In 2013 the collection department of the IISH inventoried the papers of three Spaniards whose personal biographies, although belonging to different generations,  are connected to and colored by the Spanish Civil War and the decades of the Franco regime and political exile abroad.

Most important and largest of the three are the papers of Juan Manuel Molina (1901-1984). In the early 1920s Molina, later known as Juanel, was the leader of the anarcho-syndicalists in Murcia and a member of the national committee of the CNT.  In those years he also met his lifelong companion Lola Iturbe (1902-1990). He was involved in the clandestine production of grenades in 1926 and then expelled to Belgium, where he met Buenaventura Durruti and Francisco Ascaso. Back in Barcelona since 1930, during the Civil War Molina was CNT sub-secretary of defense. At the end of the civil war, he escaped to France, where he was one the leaders of the MLE, the Spanish Libertarian Movement. Molina returned clandestinely to Spain in February 1946, where he was arrested and sentenced to 15 years in prison. He was released and settled in Toulouse in 1952. He published Noche sobre España. Siete años en las prisiones de Franco (1958), España libre (1966), El movimiento clandestino en España 1939-1949 (1976) and El communismo totalitario (1982).
Molina’s papers contain agreat deal of correspondence with and documents about other heads of the Spanish left movement during and after the Civil War.
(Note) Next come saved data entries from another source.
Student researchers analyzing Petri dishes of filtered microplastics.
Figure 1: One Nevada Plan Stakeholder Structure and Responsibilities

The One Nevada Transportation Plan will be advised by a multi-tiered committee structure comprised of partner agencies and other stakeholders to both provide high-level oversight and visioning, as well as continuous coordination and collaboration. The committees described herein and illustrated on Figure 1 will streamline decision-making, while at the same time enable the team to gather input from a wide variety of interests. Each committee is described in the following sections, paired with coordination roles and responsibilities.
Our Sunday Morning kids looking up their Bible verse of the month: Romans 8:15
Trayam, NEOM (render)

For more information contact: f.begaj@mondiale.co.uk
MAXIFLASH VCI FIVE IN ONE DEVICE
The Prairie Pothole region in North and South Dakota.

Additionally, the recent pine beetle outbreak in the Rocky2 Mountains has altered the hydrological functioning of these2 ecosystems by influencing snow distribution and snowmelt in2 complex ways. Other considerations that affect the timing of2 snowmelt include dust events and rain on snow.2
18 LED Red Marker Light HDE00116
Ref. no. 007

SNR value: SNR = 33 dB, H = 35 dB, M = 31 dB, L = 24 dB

Prison letters from Molina to his wife and family are also included.  Finally, there are substantial files on the assistance organizations for Spanish refugees during the first  years of exile and on Molina’s activities for the libertarian movement during his stay in France.
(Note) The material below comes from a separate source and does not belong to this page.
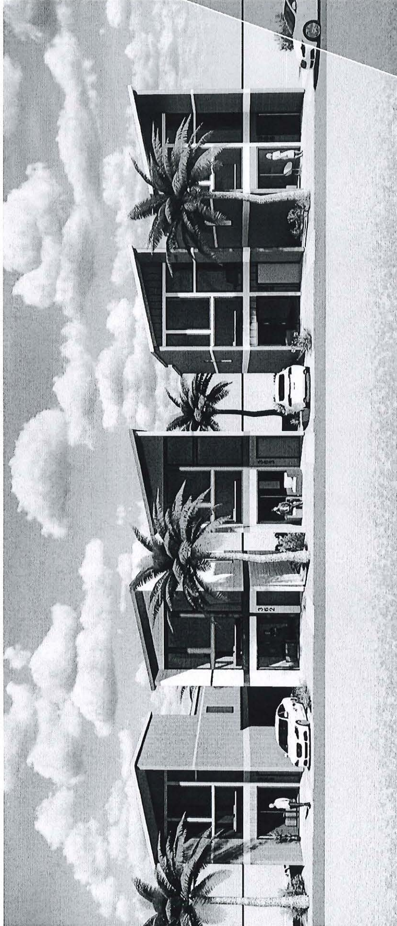
ARTISTRY AT PARK STATION | FRONT SITE PERSPECTIVE

It must be emphasized that the papers of Juan Manuel Molina are also the papers of his wife Lola Iturbe, also a CNT member. During the Spanish Civil War Iturbe was correspondent to the Aragon front for the syndicalist weekly newspaper Tierra y Libertad and guide to Emma Goldman during her visit to the cooperatives and the frontlines. She was an active supporter of the anarchist women’s organization Mujeres Libres, founded in 1936, and wrote articles in their magazine Mujeres Libres. During her exile in France she was active in the resistance and collaborator of España libre, the periodical of the CNT in exile and published in Toulouse. She published La Mujer en la Lucha social y la Guerra civil de España (Mexico, 1974). 

Manuel Buenacasa Tomeo (1886-1964) is from an older generation than Molina. Buenacasa too was an anarchist and anarcho-syndicalist. He met Lenin twice, in London and in Lausanne. He organized the general strike in Zaragoza as protest against the murder of Francesc Layret 1920 and in the 1920s lived alternately in France and Spain. He fought in the Spanish Civil War at the frontline in Aragón, where his son Antonio was killed in 1937. He too fled to France in 1939, where he was held in a detention camp from 1939 until 1943. Later he was active in the CNT in exile, and wrote a series of manuscripts on the Spanish labour movement, some of them published. The manuscripts were preserved in his collection, along with his correspondence with Juan Manuel Molina, Jaime Padros, and others.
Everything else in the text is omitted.